Segment Start: DATASET SECTION
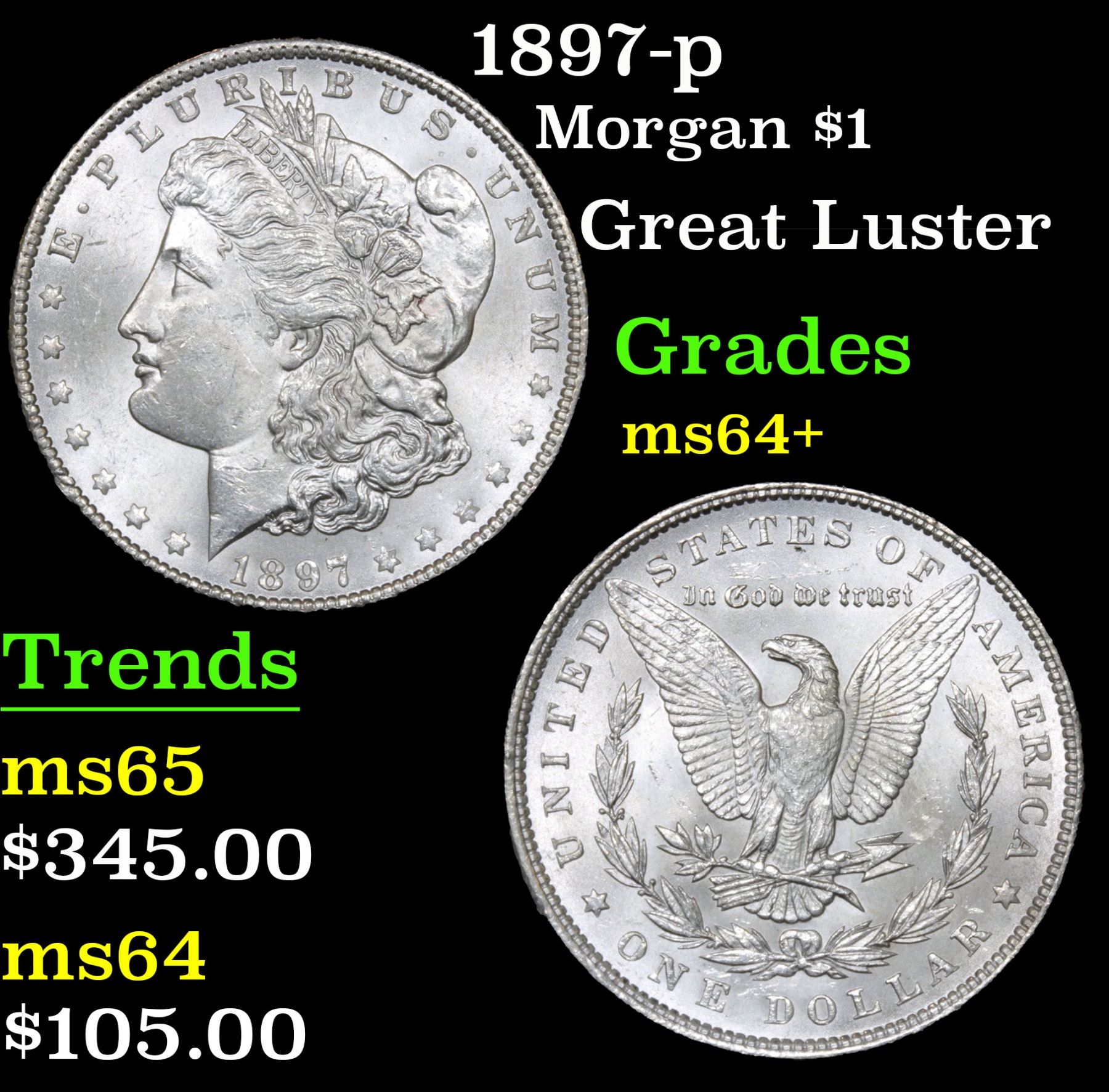 1897-p Morgan Dollar $1 Grades Choice+ Unc. Great Luster
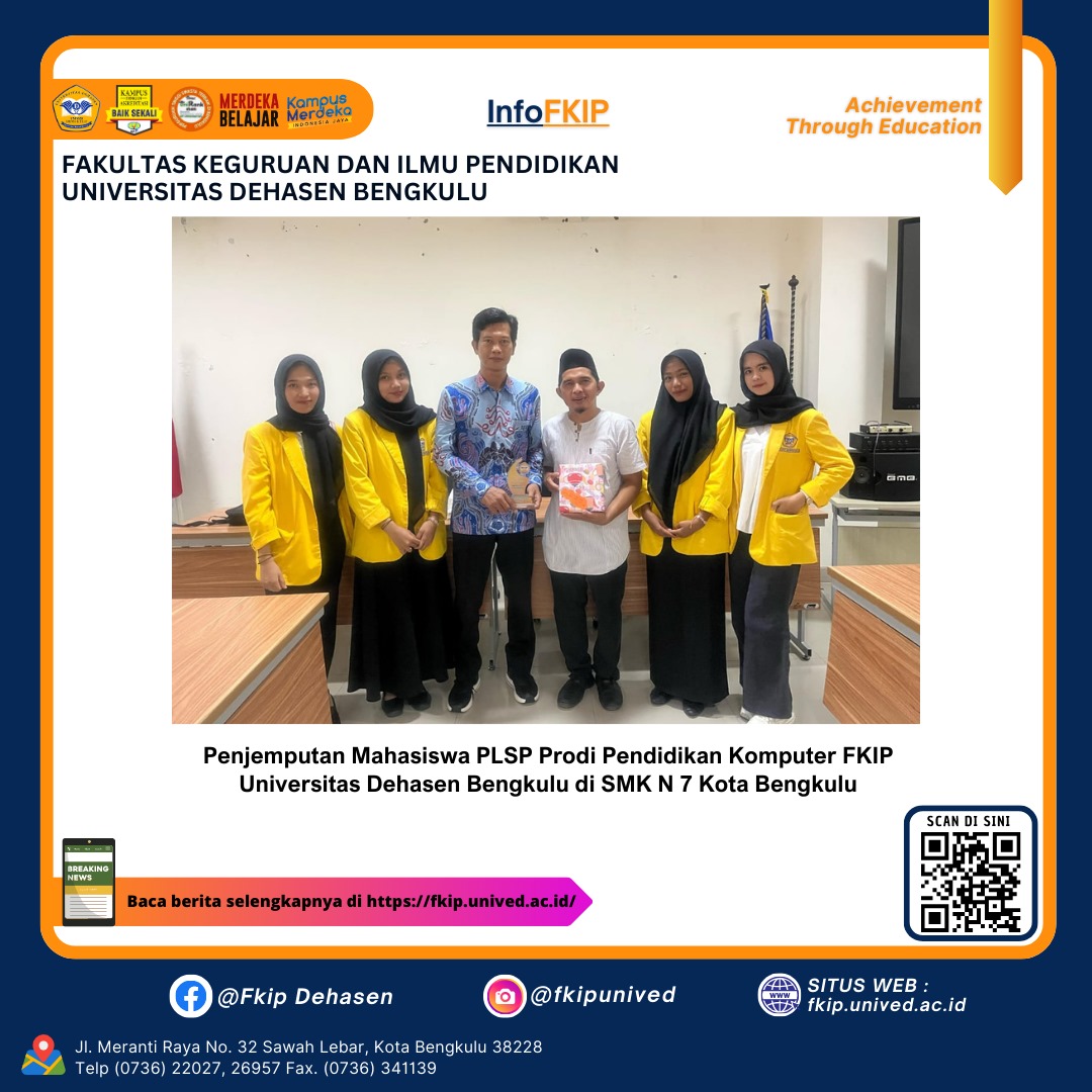 FKIP Unived – Pengenalan Lingkungan Satuan Pendidikan (PLSP) yang dijalani oleh mahasiswa Program Studi Pendidikan Komputer FKIP Universitas Dehasen Bengkulu di SMK Negeri 7 Kota Bengkulu resmi berakhir dengan prosesi penjemputan yang berlangsung hari Senin, 17 Maret 2025. (17/03/2025)
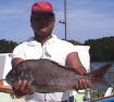 | 大漁のイサキに加えてキロオーバーのクロをゲットした杉本さん。 ポイントは中瀬4番 |
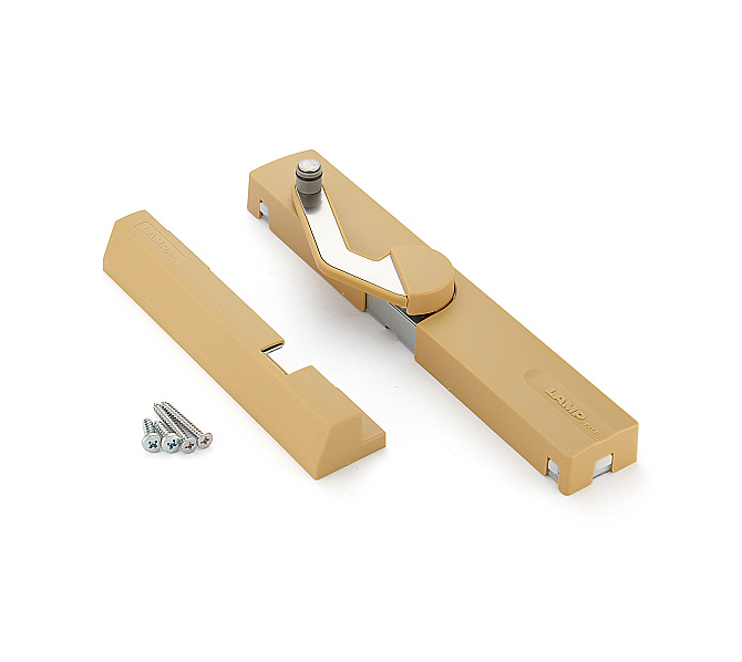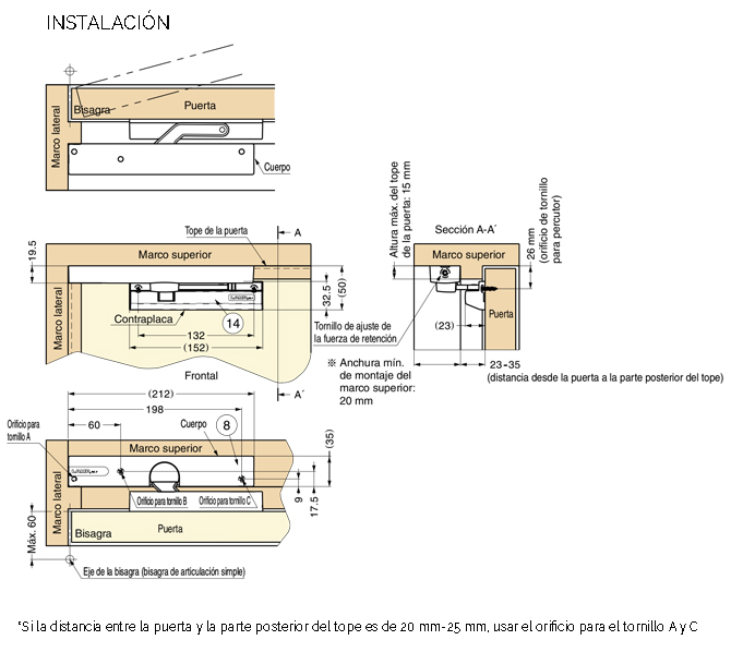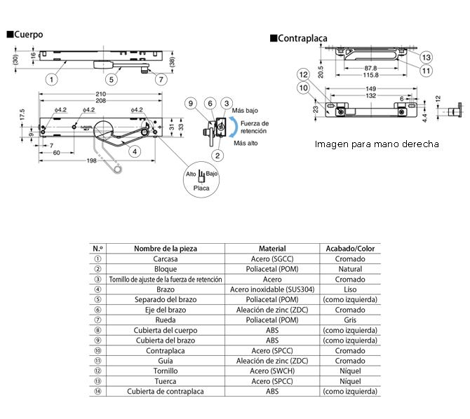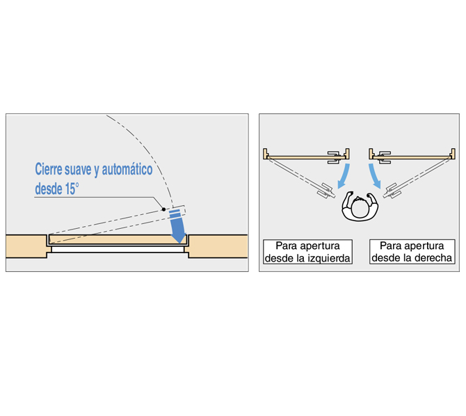 Amortiguador sobreponer para puerta izquierda. Material: Acero-ABS-inox. Medida: 210x33 mm. Cierre automático y suave desde 15º.
Segment End: DATASET SECTION
All of the material should be written out again exactly, apart from the pictures.

 1897-p Morgan Dollar $1 Grades Choice+ Unc. Great Luster
 FKIP Unived – Pengenalan Lingkungan Satuan Pendidikan (PLSP) yang dijalani oleh mahasiswa Program Studi Pendidikan Komputer FKIP Universitas Dehasen Bengkulu di SMK Negeri 7 Kota Bengkulu resmi berakhir dengan prosesi penjemputan yang berlangsung hari Senin, 17 Maret 2025. (17/03/2025)
 | 大漁のイサキに加えてキロオーバーのクロをゲットした杉本さん。 ポイントは中瀬4番 |
 Amortiguador sobreponer para puerta izquierda. Material: Acero-ABS-inox. Medida: 210x33 mm. Cierre automático y suave desde 15º.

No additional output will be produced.